Capitalisme
Mai 68 contre l'exploitation de l'homme par l'homme ? Ruse de la raison oblige, il se pourrait plutôt qu'il ait permis l'éclosion d'un "nouvel esprit du capitalisme".
En 1847, Karl Marx fait paraître sa Misère de la philosophie en réponse à la Philosophie de la misère de Joseph Proudhon : ce que le philosophe allemand reproche au penseur français, entre autres, est une forme d’idéalisme qui consiste à considérer le système économique indépendamment de toutes circonstances historiques, comme s’il pouvait être indifférent aux temps et aux lieux. Proudhon use de catégories simples et abstraites qui mènent à la formulation de lois éternelles sous lesquelles l’historien peut alors naïvement subsumer une série d’événements ou d’époques pourtant hétérogènes les uns aux autres. Le corollaire d’une telle critique est en premier lieu méthodologique et il consiste à historiser le fait capitaliste plutôt que d’y voir l’essence des rapports marchands qui caractériserait aussi bien, si du moins une pratique exista réellement, le « troc » des sociétés archaïques d’un côté et le trading à haute fréquence de l’autre.

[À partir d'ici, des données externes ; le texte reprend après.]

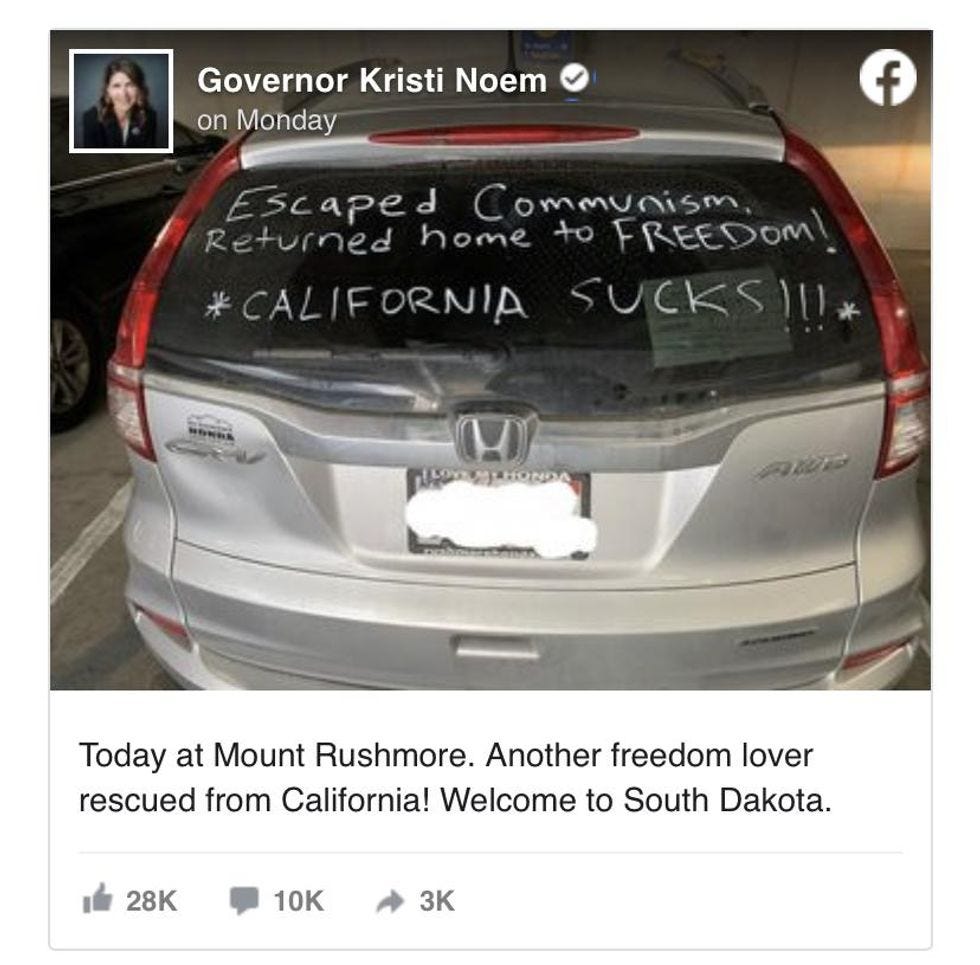 South Dakota GOP Gov. Kristi Noem is somehow a 2024 presidential contender, and she thought it might help her electoral prospects if she insulted at least 11,110,250 Californians. Last week, she posted on her official Facebook account a photo of car she claims was spotted in a parking garage near Mount Rushmore. The owner had presumably defaced their own rear windshield with the following screed: "Escaped Communism, Returned home to FREEDom!" and "CALIFORNIA SUCKS!!!"

Mais l’historicisation joue plus précisément à deux niveaux : elle concerne tout d’abord le capitalisme comme époque, elle s’applique ensuite au capitalisme lui-même car ses formes évoluent au cours du temps. Je dis un rapide mot du premier axe avant de développer plus avant le second qui se trouve en phase avec le thème de ce dossier. Le capitalisme est le système économique qui émerge, se développe et devient hégémonique au sein de la société industrielle, c’est-à-dire à partir de la fin du XVIIIe siècle. Pour le dire très rapidement, il se caractérise par l’accumulation infinie du capital permise par la généralisation de l’échange marchand. Le capitalisme industriel était toutefois marqué par la temporalité de l’investissement : les profits engrangés étaient certes importants, mais ils constituent surtout le levier du développement de l’entreprise qui passait par des projets industriels s’étalant sur des décennies, voire des générations. Le succès des entrepreneurs se mesurait alors à l’empreinte qu’ils laissent dans...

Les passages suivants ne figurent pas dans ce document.